> **Problem description**
What you return should match every record exactly, with the images removed.

[Dataset records]
****************************************

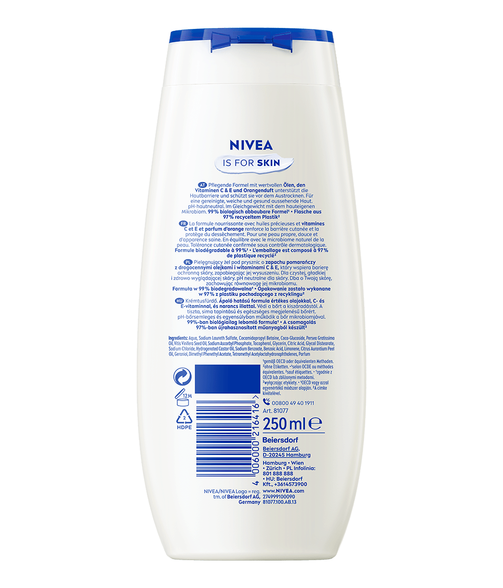Savourez un agréable moment de soin. Ce gel-douche à l'huile naturelle d'avocat prend soin de la peau et son parfum délicat d'orange chouchoute les sens: Douche Soin Orange & Avocado Oil NIVEA
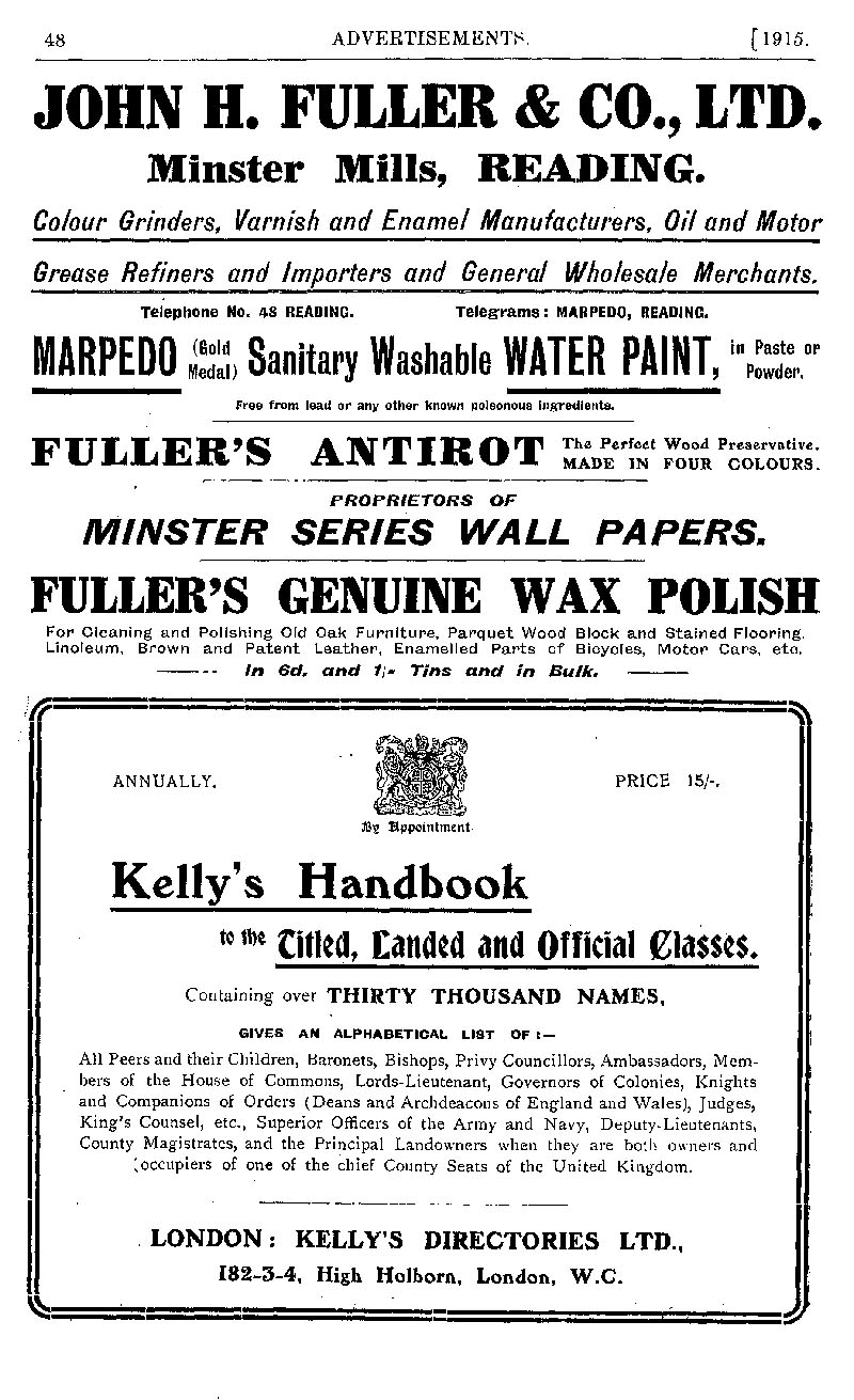 Page 48 Advertisements for John H. Fuller & Co. Minster Mills, Reading, and Kelly's Handbook.
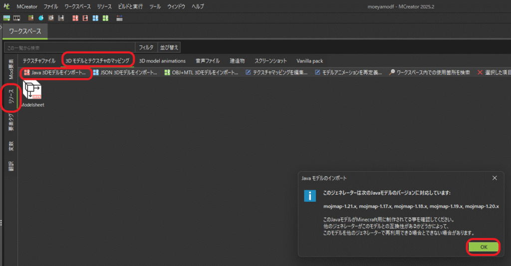 MCreatorに移動し、リソース、3DモデルとテクスチャのマッピングでJava 3Dモデルをインポートします。
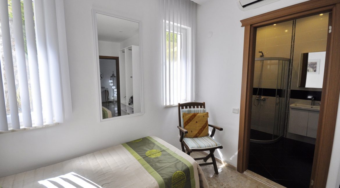 Ground Floor – Entrance hall with fitted wardrobes , large , airy and bright lounge area , front terrace overlooking the private swimming pool , Ovacik valley , Oludeniz and Fethiye sea views. There is also family bathroom on this floor.
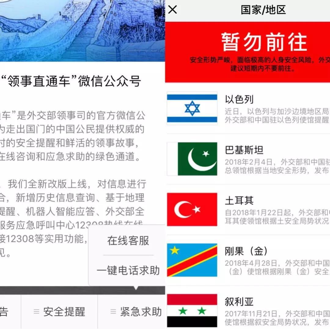 2017年起,公众可以关注微信号“领事直通车”实时咨询涉及领事协助的信息,查询各类有效安全提醒,紧急情况下还可以一键拨打12308热线求助。12308小程序也早就上线。
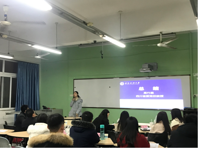 2019年11月28日晚上19:00,由西南石油大学法学院主办、法治与社会治理研究院承办的法治与社会治理论坛(第四期)圆满举行。本次论坛特别邀请了中共四川省委党校禹竹蕊教授、西南石油大学石油与天然气工程学院学工办副主任张继老师以及西南石油大学法学院院长助理、法治与社会治理研究院副院长王浩老师作为特邀嘉宾出席。参与论坛的还有来自中共四川省委党校、西南石油大学法学院、经济管理院、外国语学院的同学们,论坛由西南石油大学2019级法学硕士专业向贝贝同学主持。
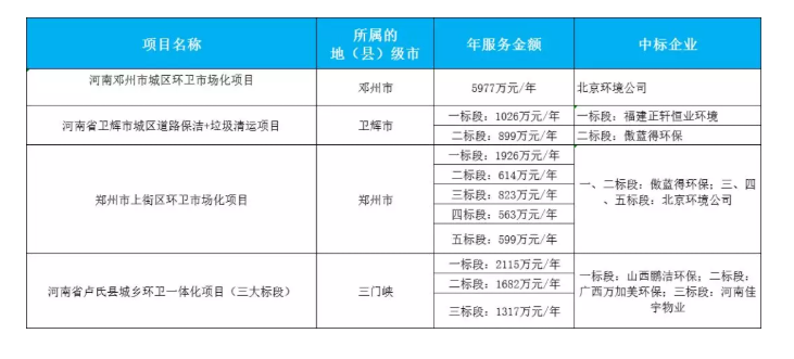 相比這些地區(qū),河南環(huán)衛(wèi)市場服務更加整體、不零散,項目區(qū)域整體打包現(xiàn)象明顯。即便像河南三門峽市、鄧州、衛(wèi)輝等人口大市,也是整體打包給某一個或兩個實力強勁的企業(yè)提供服務。
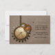 This unique Vintage Clock Wedding Response Card in mocha brown features antique steampunk clocks and gears hanging by a metal bead chain. The background has a textured paper and mesh overlay which adds a distressed and grungy feel to the design. This quirky and offbeat wedding RSVP card would be perfect for a steampunk inspired wedding. Easy to customise, simply add your wedding details in the spaces provided. Click on the "Customise It" button to find additional personalisation options.
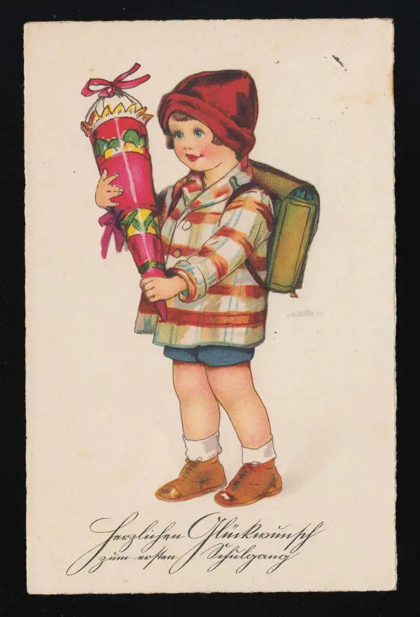 AK Enfants Fille tient sac d'école rose coloré devant lui-même le cours Magdeburg 11.4.34
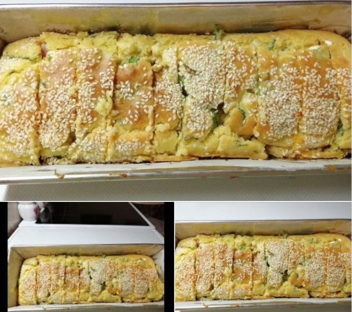 3 jajeta,100 ml ulja,200 ml jogurta,1 kašičica soli,1 prašak za pecivo,10 kašika palente,10 kašika brašna-tip 400,100 gr blitve,100 gr sira-1 kocka,2 kašike ajvara,malo šunke,susam.peći na 180c 30 min.
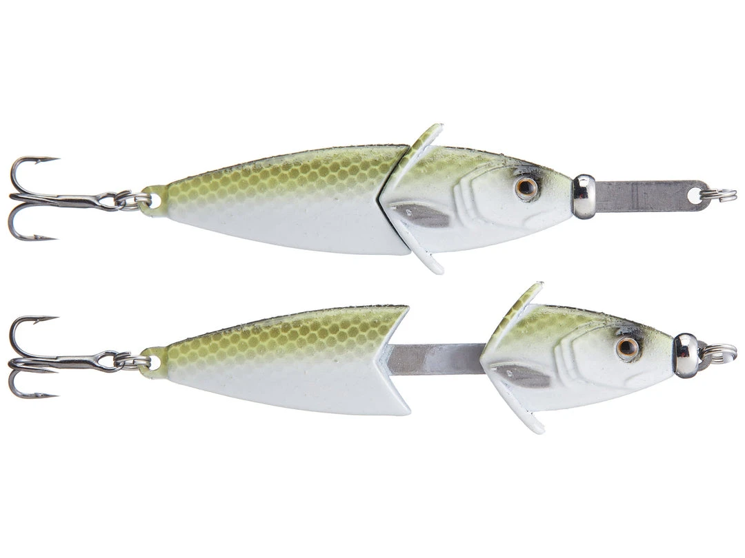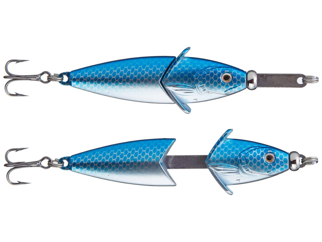A vertical jigging spoon created to draw schooling fish in from greater distances, the Lunkerhunt Knocking Jigging Spoon is designed to separate and knock together when jigging to produce a unique metallic acoustic that fish simply can’t resist. Featuring an innovative internal harness that runs through the body of the bait, a twitch of the rod tip sends the head of the spoon down the harness to clack emphatically against the tail section.
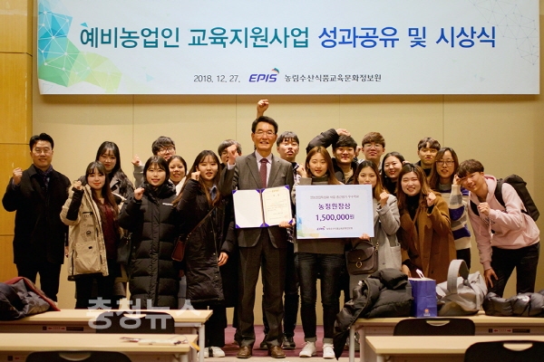 농림수산식품교육문화정보원이 지난해 12월 27일, ‘예비농업인 교육지원사업 성과공유 및 시상식’을 개최한 가운데 충남대 영농창업특성화사업단은 사업이 시작된 지난 2016년부터 18년까지의 운영성과에 대한 중간평가 결과 ‘S등급’을 받았다.
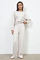 Брюки свободного силуэта. Пояс цельнокроеный, с втаченной эластичной тесьмой, отстрочен. Карманы в боковом шве. Низ брюк обработан в подгибку с эластичной тесьмой.

****************************************

> **Solution for this task**
Savourez un agréable moment de soin. Ce gel-douche à l'huile naturelle d'avocat prend soin de la peau et son parfum délicat d'orange chouchoute les sens: Douche Soin Orange & Avocado Oil NIVEA
 Page 48 Advertisements for John H. Fuller & Co. Minster Mills, Reading, and Kelly's Handbook.
 MCreatorに移動し、リソース、3DモデルとテクスチャのマッピングでJava 3Dモデルをインポートします。
 Ground Floor – Entrance hall with fitted wardrobes , large , airy and bright lounge area , front terrace overlooking the private swimming pool , Ovacik valley , Oludeniz and Fethiye sea views. There is also family bathroom on this floor.
 2017年起,公众可以关注微信号“领事直通车”实时咨询涉及领事协助的信息,查询各类有效安全提醒,紧急情况下还可以一键拨打12308热线求助。12308小程序也早就上线。
 2019年11月28日晚上19:00,由西南石油大学法学院主办、法治与社会治理研究院承办的法治与社会治理论坛(第四期)圆满举行。本次论坛特别邀请了中共四川省委党校禹竹蕊教授、西南石油大学石油与天然气工程学院学工办副主任张继老师以及西南石油大学法学院院长助理、法治与社会治理研究院副院长王浩老师作为特邀嘉宾出席。参与论坛的还有来自中共四川省委党校、西南石油大学法学院、经济管理院、外国语学院的同学们,论坛由西南石油大学2019级法学硕士专业向贝贝同学主持。
 相比這些地區(qū),河南環(huán)衛(wèi)市場服務更加整體、不零散,項目區(qū)域整體打包現(xiàn)象明顯。即便像河南三門峽市、鄧州、衛(wèi)輝等人口大市,也是整體打包給某一個或兩個實力強勁的企業(yè)提供服務。
 This unique Vintage Clock Wedding Response Card in mocha brown features antique steampunk clocks and gears hanging by a metal bead chain. The background has a textured paper and mesh overlay which adds a distressed and grungy feel to the design. This quirky and offbeat wedding RSVP card would be perfect for a steampunk inspired wedding. Easy to customise, simply add your wedding details in the spaces provided. Click on the "Customise It" button to find additional personalisation options.
 AK Enfants Fille tient sac d'école rose coloré devant lui-même le cours Magdeburg 11.4.34
 3 jajeta,100 ml ulja,200 ml jogurta,1 kašičica soli,1 prašak za pecivo,10 kašika palente,10 kašika brašna-tip 400,100 gr blitve,100 gr sira-1 kocka,2 kašike ajvara,malo šunke,susam.peći na 180c 30 min.
A vertical jigging spoon created to draw schooling fish in from greater distances, the Lunkerhunt Knocking Jigging Spoon is designed to separate and knock together when jigging to produce a unique metallic acoustic that fish simply can’t resist. Featuring an innovative internal harness that runs through the body of the bait, a twitch of the rod tip sends the head of the spoon down the harness to clack emphatically against the tail section.
 농림수산식품교육문화정보원이 지난해 12월 27일, ‘예비농업인 교육지원사업 성과공유 및 시상식’을 개최한 가운데 충남대 영농창업특성화사업단은 사업이 시작된 지난 2016년부터 18년까지의 운영성과에 대한 중간평가 결과 ‘S등급’을 받았다.
 Брюки свободного силуэта. Пояс цельнокроеный, с втаченной эластичной тесьмой, отстрочен. Карманы в боковом шве. Низ брюк обработан в подгибку с эластичной тесьмой.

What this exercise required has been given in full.